Join Barton Poulson for an in-depth discussion in this video Ensembles, part of Data Science Foundations: Fundamentals.
- [Voiceover] One of the most important developments in machine learning is the use of Ensembles, or Ensemble modeling. You can think of this as the statistical version of the Wisdom of the crowd. The idea here is that you're going to combining estimates, that is, the average of many different estimates of your particular outcome. The reason you wanna do this is because the combined estimates are often more accurate than any one individual estimate. So for instance, in contests where people are asked to guess the number of marbles in a jar, if you get the average of everybody's estimate, 'cause some people overestimate, some underestimate, that average is usually closer to the true number than any one person's guess.
Now, when Combining Estimates, there's one other thing to remember. Diversity helps, and I'll explain a little more about that. There are a few different methods of Combining Estimates. Three of the most common are, first, Bagging, which is short for boosted aggregating. This is where you use randomly drawn datasets. You build your model on those, you get the predictions, and then you combine the predictions, sort of on a voting process from each of those models. Boosting is where each classifier puts greater weight on the previous classifier's errors, the cases that it couldn't categorize well.
So they get more emphasis. The third one is Blending, also known as stacking. This is really where you use a second order model to combine the results of the first order models, and so you see how things get a little more sophisticated here, although interestingly, Bagging tends to be a very useful approach. Let me give you an example of this in R. I'm going to use a package in R called randomforest, and if you don't have that installed, you can install it. I'm also going to use the built-in datasets package so I'm gonna load both of those.
We got a little bit of news there about the package. I'll scroll down, I'm going to use the same iris datas that I used before, so let's take a look at the head. Four quantitative measurements, and then the Species of iris. What I'm going to do now, and this is an important part of this, is I'm going to split the data into two parts. I'm going to create a training set with two thirds of the data, and a testing set with one third. I'm gonna create a random seed here so I can get consistency or repeatability in my randomness there. And now I've got a split, and I'm going to create the two datasets.
There's the training set and there's the testing set. Then I'm going to create the actual randomforest of decisions trees, and again I'll set up a random seed here. Then I use the random forest function. So I'm going to feed that through, I'm going to do 500 trees. We'll compute the proximity. Now let's take a look at the results of that random forest. First off, let's print the results of the classification table. First we have the Call, the actual command. Then it did classification, then it did 500 trees, then it did 2 variables tried at each split.
We have a very low error rate, 3.67%, and then you can see the Confusion matrix, or the misclassified cases. The setosa were very easy to distinguish, the versicolor, two of them were predicted as virginicas, and two of the virginicas were predicted as versicolor. Let's go back to our script here. Let's make a plot of the error by the number of trees.
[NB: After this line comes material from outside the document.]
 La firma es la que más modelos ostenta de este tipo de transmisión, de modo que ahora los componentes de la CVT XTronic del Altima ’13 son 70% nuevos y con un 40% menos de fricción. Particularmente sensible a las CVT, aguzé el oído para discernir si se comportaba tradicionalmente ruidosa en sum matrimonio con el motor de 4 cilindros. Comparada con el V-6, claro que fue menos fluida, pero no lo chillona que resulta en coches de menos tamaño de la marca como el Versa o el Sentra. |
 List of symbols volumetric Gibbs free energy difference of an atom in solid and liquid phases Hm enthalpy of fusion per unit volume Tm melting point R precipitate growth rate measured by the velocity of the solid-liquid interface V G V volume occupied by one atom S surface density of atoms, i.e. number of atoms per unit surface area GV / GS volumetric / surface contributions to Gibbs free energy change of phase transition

So, I'm gonna just click right here and here's the plot, I'll zoom in on this. What you see here is, you want a low line, and that's less error.
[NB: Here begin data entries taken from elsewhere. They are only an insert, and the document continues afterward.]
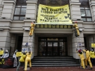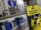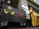 Европейские активисты Greenpeace вышли с плакатами, чтобы призвать Европейский банк реконструкции и развития (ЕБРР) отказаться от финансирования ядерной энергетики в Украине.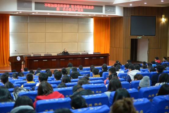 2016年12月27日下午,学院党委委员、副院长邓建国就“不断加强党性修养、努力提高自我素养、做一名合格党员”这一主题在图书馆学术报告厅讲党课,学院各系(院)学生支部书记和学生党员近300人到场聆听,学院党校培训班班主任罗德贤老师主持党课。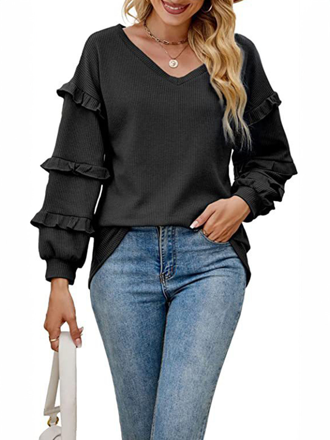 Black V-Neck Solid Long Sleeves Woven Polyester Tops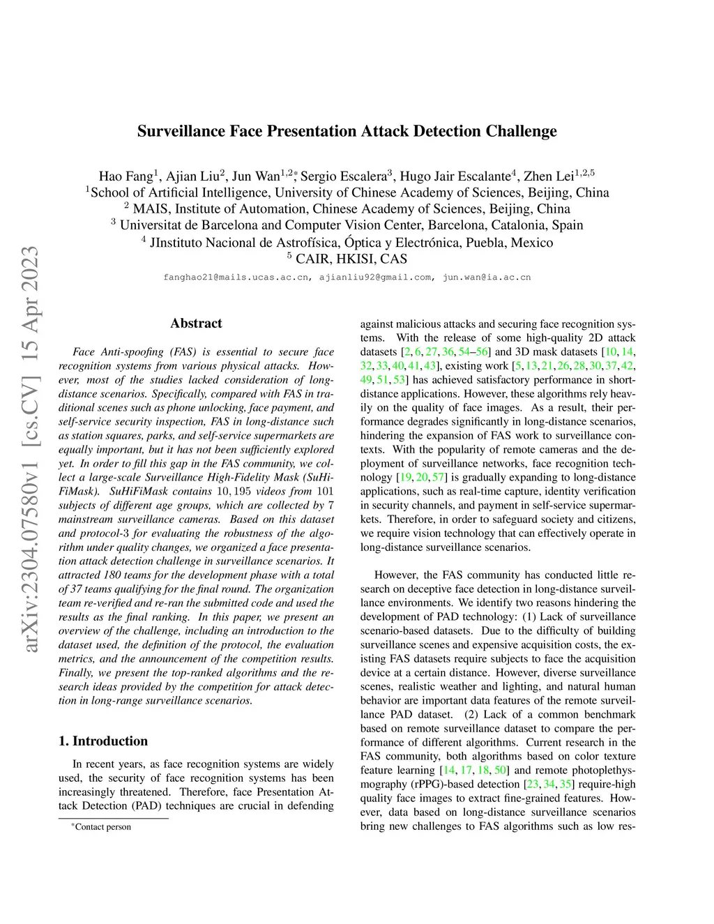 Surveillance Face Presentation Attack Detection Challenge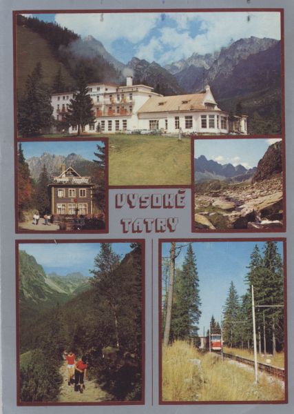 Kolej linowo-terenowa Stary Smokowiec - Siodełko. Pomiędzy zdjęciami napis: Vysoké Tatry.

And you can see it's sometimes stable, but because it's pulling out random data and combining them, things do fluctuate, but you can see, after about 350 trees, it's smooth then on out. That's one of the advantages of doing this many times over, even though it's a random process. Another thing we can use, we can look at the relative importance of the predictor variables. I'm gonna use the importance function and there it is, and then I'm gonna get a plot of that same information, and you can see from this, I'll zoom in.
From this you can see that Petal Length was the most important predictor in terms of decreasing one common measure of error, the Gini. And then, Petal Width, and then Sepal Length then was less important, and Sepal Width made almost no difference. And then we can take that model and apply it to the testing data that we set off to the side. I'll apply it right here, and then we'll get a table for the new ones. Here you can see once again, the setosa were very easy to categorize. They're all correct. The versicolor in the second column, two of the eight got miscategorized, and the virginica, one of the thirteen got miscategorized.
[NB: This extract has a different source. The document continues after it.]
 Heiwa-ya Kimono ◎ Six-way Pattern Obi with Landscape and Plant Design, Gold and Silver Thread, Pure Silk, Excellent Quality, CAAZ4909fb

And these results are pretty consistent with what we've had with our other analyses of the iris data. So what are our Conclusions about Ensemble Modelings, including random forests? First off, many estimates often beat, in terms of accuracy, just one estimate. Second, the diversity of data, meaning random selection of the data and diversity of models both produce more accurate estimates. Finally, randomness in terms of the selection of cases and the selection of variables, plays an important role in actually getting the diversity, which makes for a more predictive and accurate Ensemble of Models.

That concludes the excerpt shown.